Had this end result played out the "normal" way -- and had it not been Wal-Mart -- I don't think you'd be seeing the outrage.
In a normal situation, Wal-Mart (and/or its insurer) would pay all the bills related to one of their insured being hurt by a third at-fault party. And then the entity that paid out the benefits to the injured would go after the at-fault party or their insurer, and the entity that paid out the benefit to their insured would be "made whole" for what they paid out.
If it played out that way, WMT's lawyers could have directly sued the trucking company to recover the actual damages they paid out to their insured. That's the way subrogation *normally* works. Only any damages above and beyond actual medical bills would likely go to the injured (in the form of pain and suffering claims, punitive damages, and lost income claims).
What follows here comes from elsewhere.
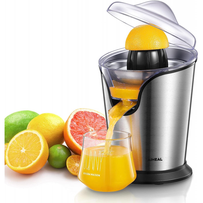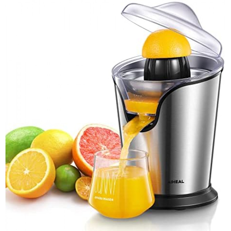 【Stainless Steel Materials & Quiet Motor】- Aiheal Citrus press juicer chooses the professional brushed stainless steel as the material for its body, which brings additional use life. The juicer has 85W motor power, but it only has 22+ decibels noise which make it possible to use at any time/place.

Or else you'd see two separate suits -- one from the insurer who paid out and the other from the injured victim -- each going after different types of damages as appropriate.
So in the end, it turned out how it normally did. The one slimy thing WMT did is to NOT use its own lawyers or insurers to sue the trucking company, but instead not helping the injured in the lawsuit but ready to pounce on whatever settlement they received. Even though it's common for insurance contracts to specify they can get their payouts back from any money received from at-fault parties, the *way* they did this doesn't pass the smell test.